← All Posts
By Moshe Anconina June 1, 2026 9 min read Engineering

The honest agent-memory benchmark: we built the proving machine first

Agent-memory leaderboards are easy to game, and vendor numbers aren't comparable across protocols - the judge model alone can swing a memory score from ~49% to ~94%. So instead of racing to publish a number, we built the machine that proves one: an open, in-repo, reproducible harness. Here is what it is, what we measured at $0, what we deliberately did not publish, and the one command that lets you reproduce the full head-to-head yourself.

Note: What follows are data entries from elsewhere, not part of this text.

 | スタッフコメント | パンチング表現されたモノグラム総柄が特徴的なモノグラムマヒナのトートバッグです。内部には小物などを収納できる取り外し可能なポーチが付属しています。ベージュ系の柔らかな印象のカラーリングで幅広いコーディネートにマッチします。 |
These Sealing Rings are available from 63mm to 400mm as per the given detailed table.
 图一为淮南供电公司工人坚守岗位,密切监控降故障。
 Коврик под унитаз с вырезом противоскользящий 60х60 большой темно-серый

The problem with memory leaderboards

Every few weeks a new agent-memory system posts a leaderboard with itself on top. The trouble is that almost none of those numbers are comparable. They use different datasets, different answer models, different judges, and a different accounting of what counts as "correct." The single biggest swing isn't the memory system at all - it's the LLM judge. The same set of answers has been reported at ~49% under an independent judge and ~94% when self-judged. A leaderboard that doesn't disclose its judge is a leaderboard you cannot trust.

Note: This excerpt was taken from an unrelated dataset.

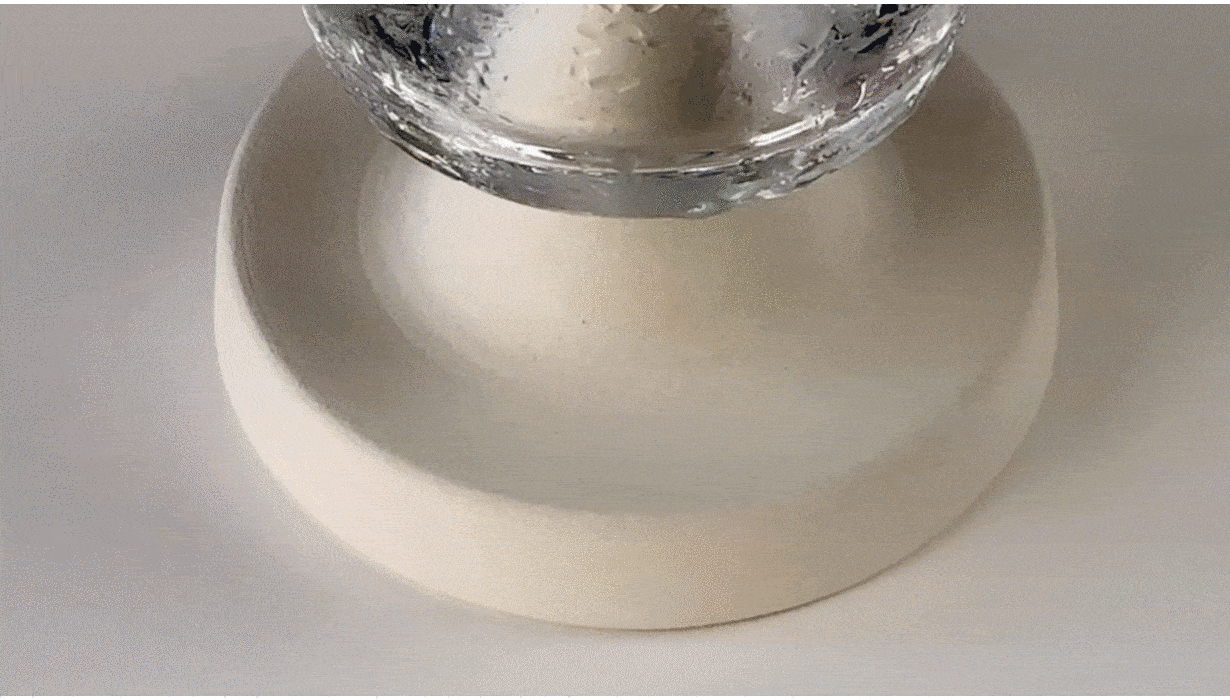 グラスの底には突起(凸)があり対流効果で飲み物の「香りを引き立て、味のバランスを調える」効果があります(グラス単体でもご使用いただけます)。土台となるステム部分は「結露による雫を瞬時に吸収」してくれるのでコースターの役割を果たしてくれます。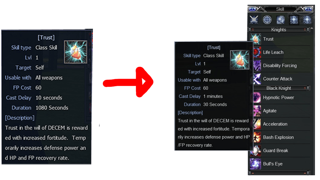 Skill Trust (Cora Knight) cast delay changed to 1 minutes, and cooldown reduced to 30 second in RF Online Update Latest : Dragonborn Patch.

There's a sharper tell. On the popular LoCoMo dataset, a trivial filesystem baseline - just dump the conversation to files and let the model grep - can score higher than a real, vendor-published memory system. We measured exactly that as a control: under one judge the filesystem baseline lands at 52.6 / 36.3 against our recall pipeline's 71.1 / 73.3 on LongMemEval. The point of the control isn't to dunk on filesystems - it's the opposite. It proves the baseline isn't weak. If your benchmark can't separate a real memory system from a pile of text files, the benchmark is broken, not the contender.

Three ways a memory leaderboard misleads:

  • Undisclosed judge. A self-judged or single-judge score is unfalsifiable - you can't tell the system from the grader.
  • Non-comparable protocol. Different datasets, answer models, and "correct/total" accounting make two vendors' numbers apples-to-oranges.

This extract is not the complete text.